Another of the writers that prof urged me to read was James Lee Burke, whose books I later inhaled. Last year, Burke, then 87 years old, was interviewed on a podcast by North Carolina reporter Tommy Tomlinson. In that episode, Burke said that he had no plans to retire and no plans to wrap the Dave Robicheaux franchise anytime soon.
I know Tomlinson slightly, and follow his Substack. He and his wife devour mystery novels and TV mystery series. In a column written a few weeks after that podcast, Tomlinson said he’d been haunted by something Burke said. On the strength of this graf, I looked up the podcast and listened to the whole thing. These are Burke’s words:
“This is what I believe, and it’s metaphysical … the only activity that we do in the same way that God does is creation. That’s it. It’s like a baptismal font. Once you do that, you step into infinity.”
It’s the kind of quote that makes me want to start believing in writer quotes again. To that end, I wish you all a lustrous, productive fall, wherever you are and wherever the waters take you.
Thanks to Patricia Furnish for Rabbi Googlevitch.
See you in three weeks!
I also agree about the writing advice out there. Some of it's helpful, some's just... Lynch. That index card thing cracked me up. It's like saying the secret to focus is... a blank piece of paper. Which, actually, kind of reminds me of Sudoku. Sometimes when my brain is all over the place, sitting down with a sudoku puzzle and focusing on those little numbers helps me quiet the noise and get back on track. But just like with writing, there's no one right way to do it, and sometimes you just fill in the wrong number and have to start over!
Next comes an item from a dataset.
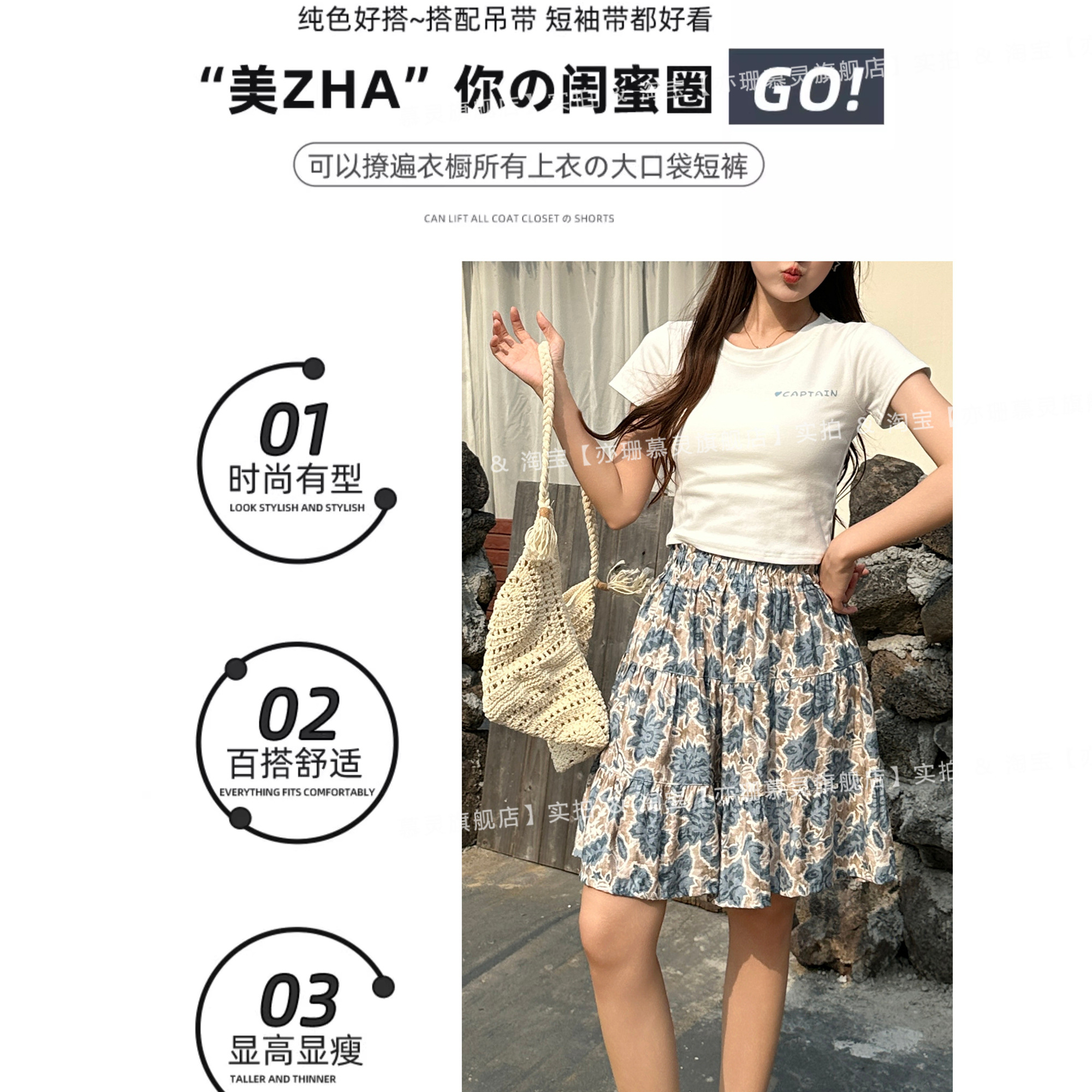 碎花a字短裙女2025夏季新款甜美半身裙高腰大码显瘦防走光裤裙

ReplyDeleteJoe, I suspect that, like me, you're someone who has an ongoing and sometimes contentious conversation in your head with those (the collective mind the French call on) who claim there's one right way to write or to be a writer. The other day I thought of a good comeback to those (it might have come up on a fellow SleuthSayer's post) who claim you're not a real writer unless you can't help writing, so driven that you can't possibly stop. Oh, yeah? sez I. Then how about Harper Lee, who wrote what's generally considered the best novel of the twentieth century and then stopped? And lived on to the age of 100+ without writing another. We won't count that lamentable draft that was published as a novel when she was old, deaf, blind, and not in a good position to say no. It needed editing, and in the first instance, it got it.